Simon Willison recently published a guide on agentic engineering patterns that covers using Git with coding agents. The advice there is solid, but the topic deserves more concrete exploration of the mechanics involved, because most developers who reach for a coding agent do so without thinking through how Git fits into the loop at all. They end up either over-trusting the agent (no staging, no review) or under-trusting it (constant manual intervention that defeats the purpose).

The right mental model is that Git becomes your control surface. Not just version control in the passive sense, but the active interface through which you understand, approve, and selectively accept what the agent produced.

The stash-run-verify-commit lifecycle

When an autonomous agent is about to touch your codebase, the first thing to do is preserve whatever you were already working on. A simple stash before the agent run means you can always get back to your last known state:

git stash push -u -m "pre-agent-run-backup"

The -u flag includes untracked files, which matters because agents often create new files as part of their work, and you want those reversible too.
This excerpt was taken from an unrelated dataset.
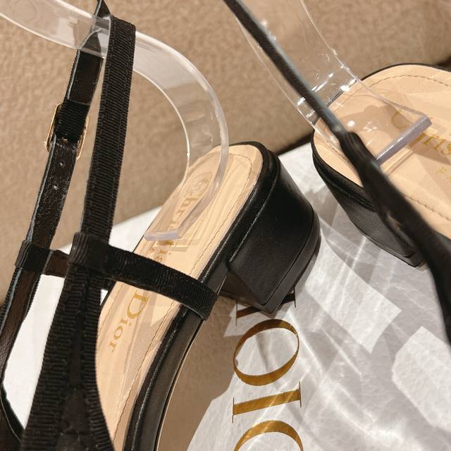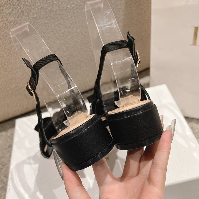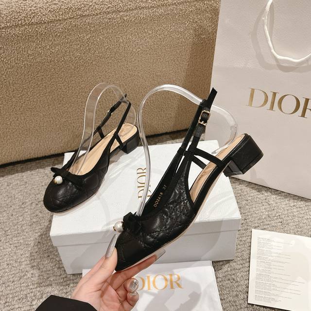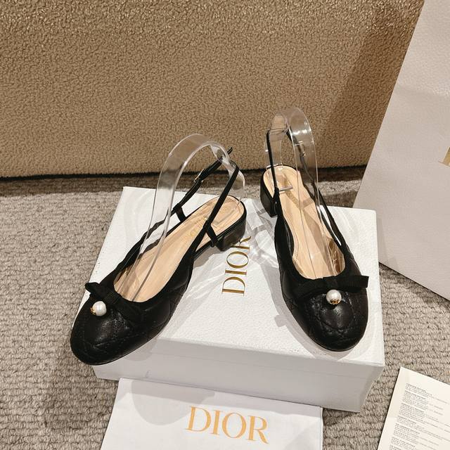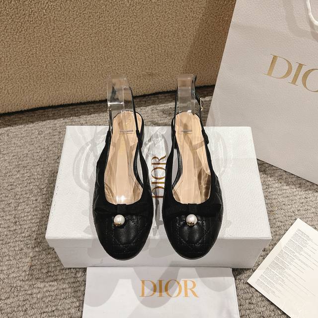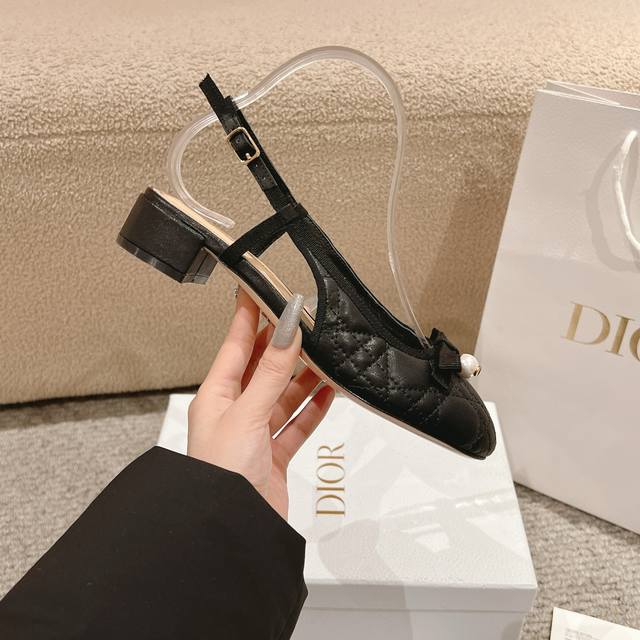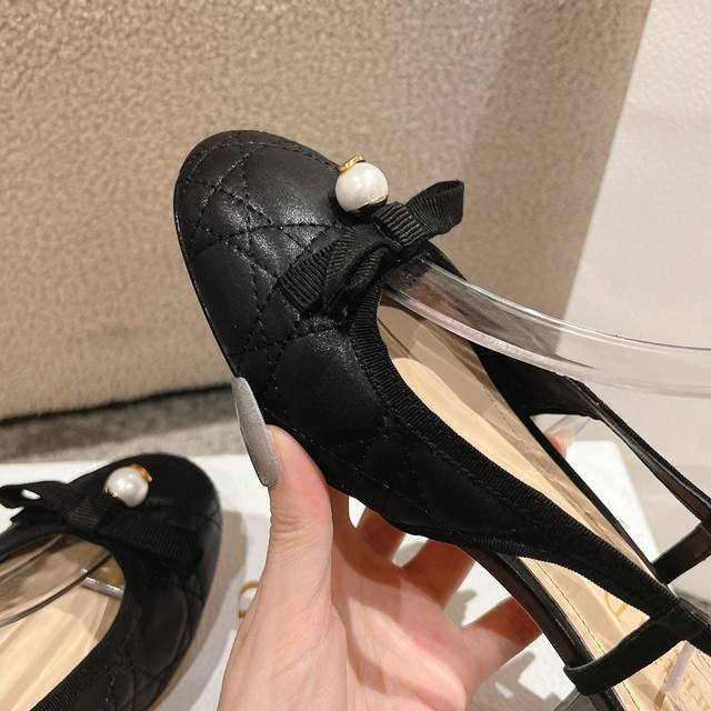 迪奥 Dior 2025春夏高定系列新款 Ballet 标志性电绣藤格纹低跟芭蕾舞女鞋 ,可调节扣带正面饰有罗缎蝴蝶结 装饰性CD树脂珍珠字母logo珍珠扣粗跟蝴蝶结凉鞋

Once the agent finishes, you verify before you commit. This is the step most people skip. In my own bot’s autonomous improver, the sequence looks like this:

function stashWorkingTree(): boolean {
  const status = execSync("git status --porcelain", {
    cwd: PROJECT_ROOT, encoding: "utf-8"
  });
  if (!status.trim()) return false;
  execSync('git stash push -u -m "autonomous-improver-backup"', {
    cwd: PROJECT_ROOT
  });
  return true;
}

After the agent runs, you inspect what it touched:

const tracked = execSync("git diff --name-only", {
  cwd: PROJECT_ROOT, encoding: "utf-8"
});
const untracked = execSync("git ls-files --others --exclude-standard", {
  cwd: PROJECT_ROOT, encoding: "utf-8"
});

That gives you the complete list of files changed or created. You run your build and tests against those changes. If they pass, you commit with a descriptive message referencing the task. If they fail, you revert hard:

function revertAllChanges(): void {
  execSync("git checkout .", { cwd: PROJECT_ROOT });
  execSync("git clean -fd", { cwd: PROJECT_ROOT });
}

Then you pop the stash to restore your prior working state. The agent run leaves no trace except in your attempt log.
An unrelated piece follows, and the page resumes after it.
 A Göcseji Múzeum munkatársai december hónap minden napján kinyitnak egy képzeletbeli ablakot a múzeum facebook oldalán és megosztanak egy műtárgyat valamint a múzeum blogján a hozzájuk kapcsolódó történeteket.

Why you should not let the agent commit

One of the most important constraints in any agent prompt is explicit: do not commit. The system prompt for my autonomous improver includes the line "5. Do NOT commit or push — only make file edits". This sounds obvious, but it matters for several reasons.

First, the agent does not know whether its changes actually work until after the build and tests run. If it commits before verification, you now have a broken commit in history, and cleaning that up is more work than just reverting the working tree.

Second, commit authorship and message quality matter. An agent writing its own commit messages will do so without full context of what the commit should say for a human reading the log six months later. You want the commit message to reflect the task intent, not just a description of the diff. Writing that message yourself, or parameterizing it from the task description, produces a cleaner history.

Third, keeping the commit step outside the agent means you retain the final say. The agent produces a candidate diff; you decide whether to accept it. This is the equivalent of staging changes before committing in a normal workflow, except the “author” is an AI system rather than your own keystrokes.

Git diff is your code review interface

With an agent doing the implementation, git diff replaces the mental overhead of reading every file the agent touched. Before you run the build, before you run tests, run a quick git diff --stat to understand the scope:

 src/commands/push.ts     |  12 +++
 src/utils/gitWatcher.ts  |  34 ++++++----
 src/mcp/tools/git.ts     | 187 +++++++++++++++++++++++++++++++++++++++
 3 files changed, 221 insertions(+), 12 deletions(-)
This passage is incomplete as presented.